Prerequisites for This Class

• Proficiency in Python
All class assignments will be in Python (using numpy and Tensorflow and optionally Keras). There is a tutorial here for those who aren't as familiar with Python. If you have a lot of programming experience but in a different language (e.g. C/C++/Matlab/Javascript) you will probably be fine.
• College Calculus, Linear Algebra (e.g. MATH 51, CME 100)
You should be comfortable taking derivatives and understanding matrix vector operations and notation.
• Basic Probability and Statistics (e.g. CS 109 or other stats course)
You should know basics of probabilities, Gaussian distributions, mean, standard deviation, etc.
• Foundations of Machine Learning
We will be formulating cost functions, taking derivatives and performing optimization with gradient descent. Either CS 221 or CS 229 cover this background. Some optimization tricks will be more intuitive with some knowledge of convex optimization.

Course Description

To realize the dreams and impact of AI requires autonomous systems that learn to make good decisions. Reinforcement learning is one powerful paradigm for doing so, and it is relevant to an enormous range of tasks, including robotics, game playing, consumer modeling and healthcare. This class will provide a solid introduction to the field of reinforcement learning and students will learn about the core challenges and approaches, including generalization and exploration. Through a combination of lectures, and written and coding assignments, students will become well versed in key ideas and techniques for RL. Assignments will include the basics of reinforcement learning as well as deep reinforcement learning — an extremely promising new area that combines deep learning techniques with reinforcement learning. In addition, students will advance their understanding and the field of RL through an open ended project.

Learning Outcomes

By the end of the class students should be able to:

• Define the key features of reinforcement learning that distinguishes it from AI and non-interactive machine learning (as assessed by the exam).
• Given an application problem (e.g. from computer vision, robotics, etc), decide if it should be formulated as a RL problem; if yes be able to define it formally (in terms of the state space, action space, dynamics and reward model), state what algorithm (from class) is best suited for addressing it and justify your answer (as assessed by the project and the exam).
• Implement in code common RL algorithms such as a deep RL algorithm, including imitation learning (as assessed by the homeworks).
• Describe (list and define) multiple criteria for analyzing RL algorithms and evaluate algorithms on these metrics: e.g. regret, sample complexity, computational complexity, empirical performance, convergence, etc (as assessed by homeworks and the exam).
• Describe the exploration vs exploitation challenge and compare and contrast at least two approaches for addressing this challenge (in terms of performance, scalability, complexity of implementation, and theoretical guarantees) (as assessed by an assignment and the exam).

Class Time and Location

Winter quarter (January 08 - March 16, 2018)
Lecture: Monday, Wednesday 11:30 AM - 12:50 PM
Location: NVIDIA Auditorium

Course Schedule / Syllabus (Including Due Dates)

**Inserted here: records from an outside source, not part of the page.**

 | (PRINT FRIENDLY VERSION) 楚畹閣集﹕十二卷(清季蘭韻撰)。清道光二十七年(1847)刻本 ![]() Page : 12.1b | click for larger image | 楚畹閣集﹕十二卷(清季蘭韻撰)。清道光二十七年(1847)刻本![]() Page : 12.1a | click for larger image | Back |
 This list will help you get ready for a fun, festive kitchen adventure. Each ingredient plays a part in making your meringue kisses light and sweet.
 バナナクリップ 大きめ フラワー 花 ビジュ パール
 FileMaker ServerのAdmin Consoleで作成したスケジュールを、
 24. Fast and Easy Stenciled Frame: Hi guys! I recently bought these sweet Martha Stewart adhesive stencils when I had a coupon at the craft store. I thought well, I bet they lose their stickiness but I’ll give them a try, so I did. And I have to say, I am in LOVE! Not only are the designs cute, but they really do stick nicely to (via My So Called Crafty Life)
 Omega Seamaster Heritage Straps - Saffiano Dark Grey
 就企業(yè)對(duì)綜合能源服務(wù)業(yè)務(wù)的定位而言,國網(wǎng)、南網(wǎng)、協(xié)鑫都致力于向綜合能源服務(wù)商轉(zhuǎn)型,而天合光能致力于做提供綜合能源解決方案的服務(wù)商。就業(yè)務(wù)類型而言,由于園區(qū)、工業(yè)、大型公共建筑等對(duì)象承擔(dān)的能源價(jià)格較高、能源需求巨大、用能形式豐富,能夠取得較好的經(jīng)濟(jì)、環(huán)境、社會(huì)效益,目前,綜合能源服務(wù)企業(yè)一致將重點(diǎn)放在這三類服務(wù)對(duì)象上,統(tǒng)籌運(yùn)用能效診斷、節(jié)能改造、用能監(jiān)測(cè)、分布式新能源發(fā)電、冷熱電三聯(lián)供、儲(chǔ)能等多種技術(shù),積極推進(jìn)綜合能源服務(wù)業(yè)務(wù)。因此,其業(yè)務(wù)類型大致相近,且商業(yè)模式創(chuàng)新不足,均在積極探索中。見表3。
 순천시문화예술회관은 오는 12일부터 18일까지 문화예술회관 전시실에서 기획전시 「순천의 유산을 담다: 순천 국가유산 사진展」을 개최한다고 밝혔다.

See the Course Schedule page.

Textbooks

There is no official textbook for the class but a number of the supporting readings will come from:
• Reinforcement Learning: An Introduction, Sutton and Barto, 2nd Edition. This is available for free here and references will refer to the January 1 2018 draft available here.
Some other additional references that may be useful are listed below:
• Reinforcement Learning: State-of-the-Art, Marco Wiering and Martijn van Otterlo, Eds. [link]
• Artificial Intelligence: A Modern Approach, Stuart J. Russell and Peter Norvig.[link]
• Deep Learning, Ian Goodfellow, Yoshua Bengio, and Aaron Courville. [link]

• Assignment 1: 10%
• Assignment 2: 20%
• Assignment 3: 15%
• Midterm: 25%
• Quiz: 5%
• Individual: 4.5%
• Group: 0.5%
• Course Project: 25%
• Proposal: 1%
• Milestone: 3%
• Poster Presenation: 5%
• Paper: 16%

Late Day Policy

• You can use 6 late days.
• A late day extends the deadline by 24 hours.
• You are allowed up to 2 late days per assignment. If you hand an assignment in after 48 hours, it will be worth at most 50%. No credit will be given to assignments handed in after 72 hours — contact us if you think you have an extremely rare circumstance for which we should make an exception. This policy is to ensure that feedback can be given in a timely manner.
• You can use late days on the project proposal (up to 2) and milestone (up to 2). No late days are allowed for the poster presentation and final report. Any late days on the project writeup will decrease the potential score on the project by 25%. To use a late day on the project proposal or milestone, it is allowable to pool late days between team members: in order words, one can use any single team member’s late day (e.g. team member A can use her late day, and team member B can use his late day, and that yields 2 total late days for the project proposal).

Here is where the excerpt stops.